Class jokes
There is someone in my class named Henry Rocket Rueben, and he always says he rockets into my mom.
An alligator is in a class, turns out he likes teaching!
If a sped is late for class, is it wrong to call them tardy?
I'm sure you could be the smartest person in your class.
If it were a class for the profoundly retarded.
Alright, class, we have 39 students and 40 seats.
That one dyslexic kid thinking he’s Superman:
That's my one teacher 24/7💀
What did Rengoku say to his class?
"Set your school ablaze!"
What do you say when Jack's late to sex ed?
"Aye-jack-you-late!"
Your hairline so bad that when your teacher puts you to sit in the front of the class, your hairline be all the way in the back.
We were watching a 9/11 documentary in class.
I started playing the Angry Birds theme song. That didn't fly well with people, the teacher yelled at me like a bomb, and I landed on the ground.

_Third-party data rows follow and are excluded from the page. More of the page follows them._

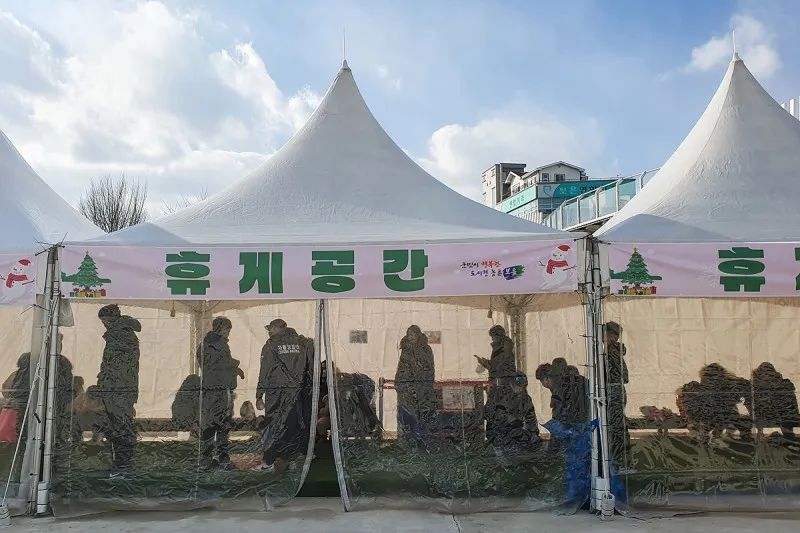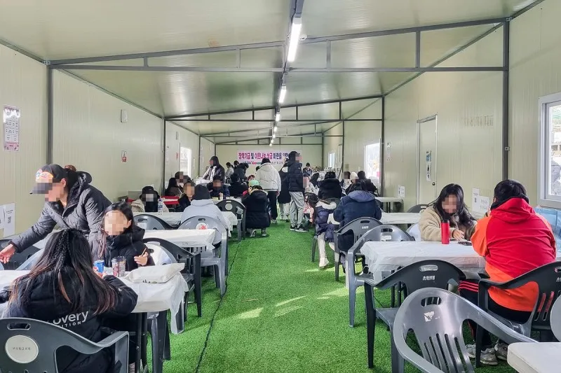 얼음썰매 옆 휴게공간에서는 제기차기도 하고 잠시 찬바람을 피할 수 있는 공간이 마련되어 있어요.
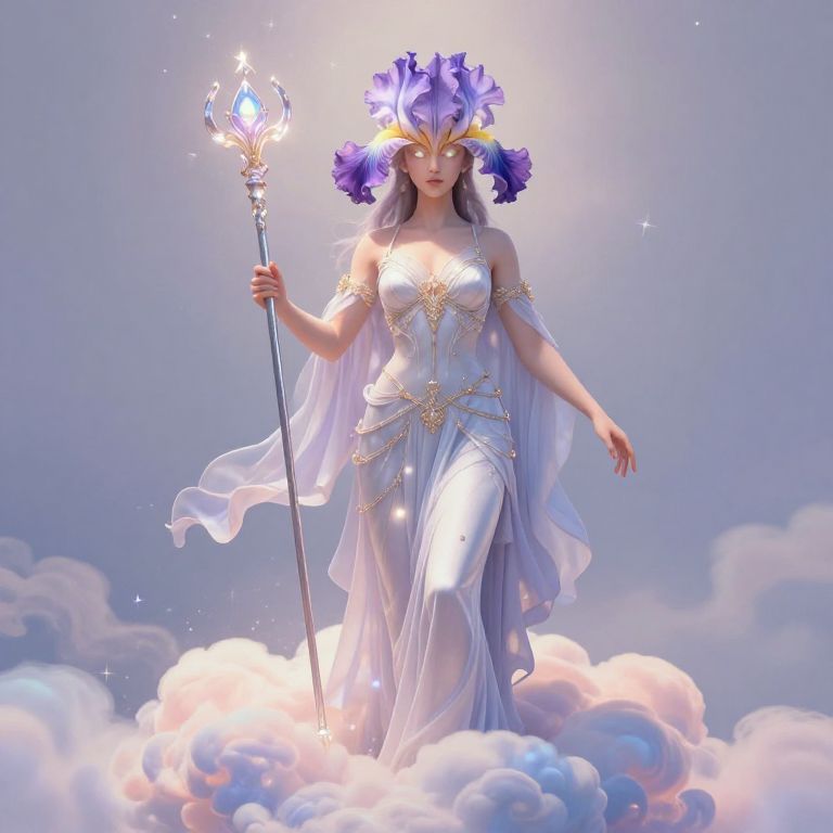 Art iris goddess standing atop clouds, with intricate iris flower crown, glowing eyes, holding a shimmering staff, detailed fantasy artwork, soft pastel colors and magical ambiance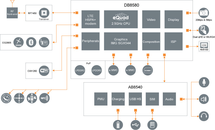 Procesorul este ajutat si de un GPU POWERVR SGX544 care ruleaza la 600Mhz. Tehnologia RAM suportata de procesor este LP-DDR2. Senzorul de imagine accepta o camera ce poate avea pana la 20MP, iar camera frontala de maxim 5MP. El mai dispune de Wi-Fi, Bluetooth, GNSS (GPS+GLONASS), FM si NFC. Ok, dar ce este Glonass? Toata lumea stie ce este GPS-ul, dar putini sunt cei care stiu ca exista si Glonass. Acesta din urma este utilizat in Rusia, fiind o alternativa la GPS.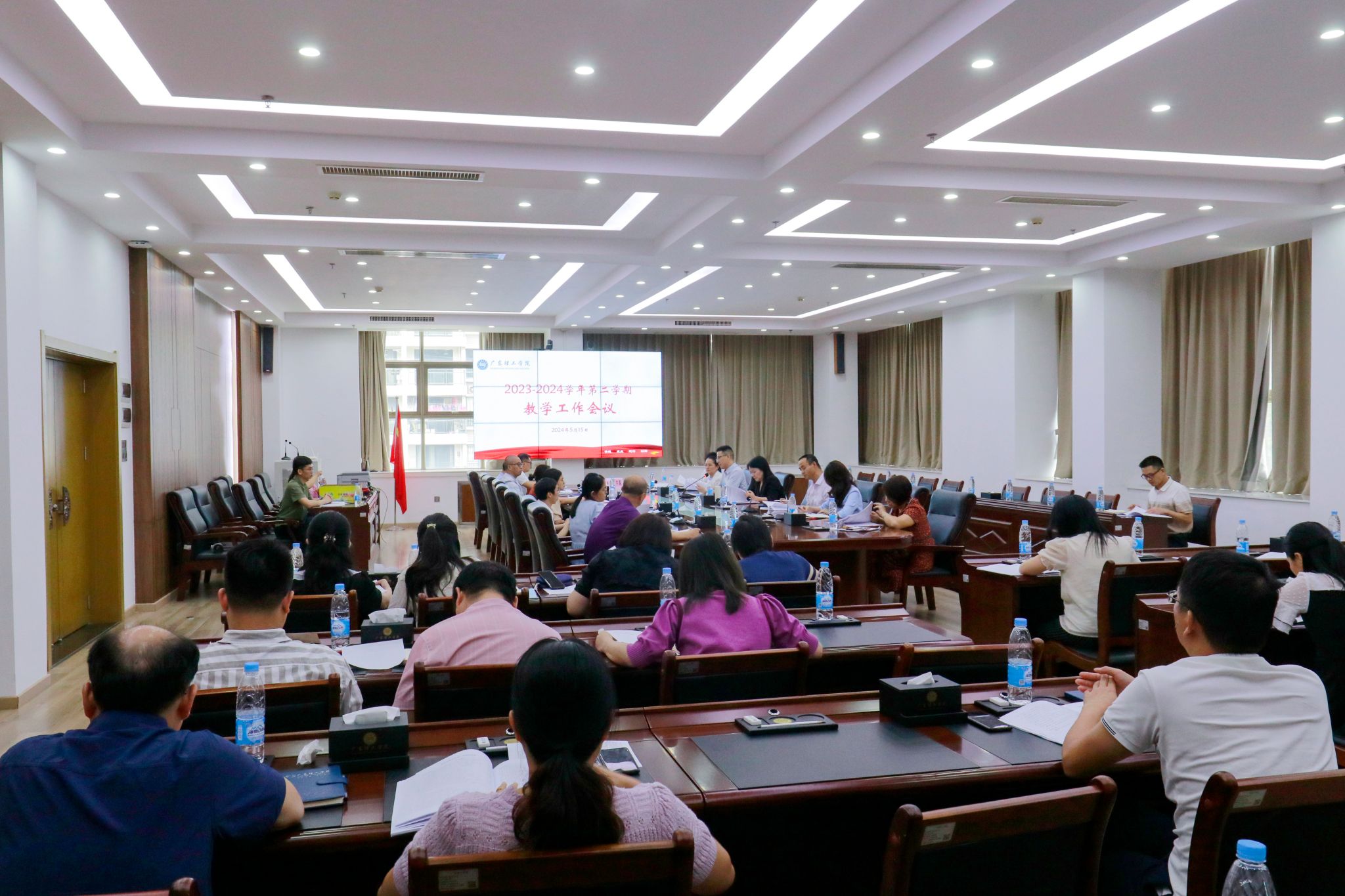 本网讯(教务处)2024年5月15日下午,bat365官网2023-2024学年第二学期教学工作会议在高要校区综合楼12楼会议室召开。副校长刘香萍、唐建宁出席会议,各教学单位院长、副院长、教务处、人事处和教学质量监测与评估处等部门主要负责人参加会议。教务处处长张俊林主持会议。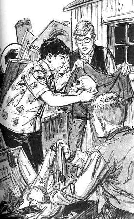 Arthurs zehnter und letzter Roman der Reihe beginnt damit, dass die Jungs auf einer Auktion einen alten Reisekoffer ersteigern – der Originaltitel The Mystery of the Auction Trunk (Das Geheimnis des Auktionskoffers) ist treffend, wenn auch nicht gerade aufregend – und von einer mysteriösen Dame sofort 30 Dollar geboten bekommen. Doch die Jungs wollen nicht verkaufen, und so zieht sie frustriert von dannen. Als sie mit ihrem Kauf zum Schrottplatz zurückkehren, stellen sie fest, dass die Truhe den Erwartungen entspricht: Wie auf dem Deckel versprochen, gehört sie einem Zauberer und enthält eine Menge Kostüme, einige magische Utensilien und den titelgebenden sprechenden Schädel: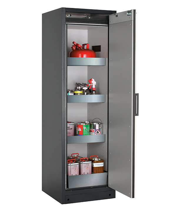 Korpusfarbe Anthrazitgrau (RAL 7016), mit Flügeltür in asecos Silber, Inneneinrichtung mit 3 x Wannenboden (Edelstahl 1.4301), 1 x Lochblecheinsatz (Edelstahl 1.4016), 1 x Bodenauffangwanne (Edelstahl 1.4301)

Why do women need a pay rise? Isn't the glass ceiling high enough?
Why does the emo kid skip class?
Alright class, the person who answers my next question gets to go home.
Then a guy throws a pencil. The teacher asks, "Who threw that pencil?" "I did, I get to go home."
One day, a class of children were killed in a bus accident, but only some survived. One was praying that he would survive, and the other said, "First time?"
Does anyone go to Eagle High School? Tell me what classes you have from 1st period to 4th period if you go to Eagle High School.
Why is there a middle school?
Because the kids that go there are middle class families.
I asked my teacher if I needed to be in the special ED class, but she said I don’t eat enough vegetables.
There's an orphan in my class... For some reason, he never leaves.
I for the class?
Nechen has been writing articles for the class for years.
Then the Guru asked him, "If I die now, what will be on my grave?" Fritchen searched for the plastic bag and shouted, "This is a protective bag!!"
You was reaching into you’re backpack and the whole class jumped through the window.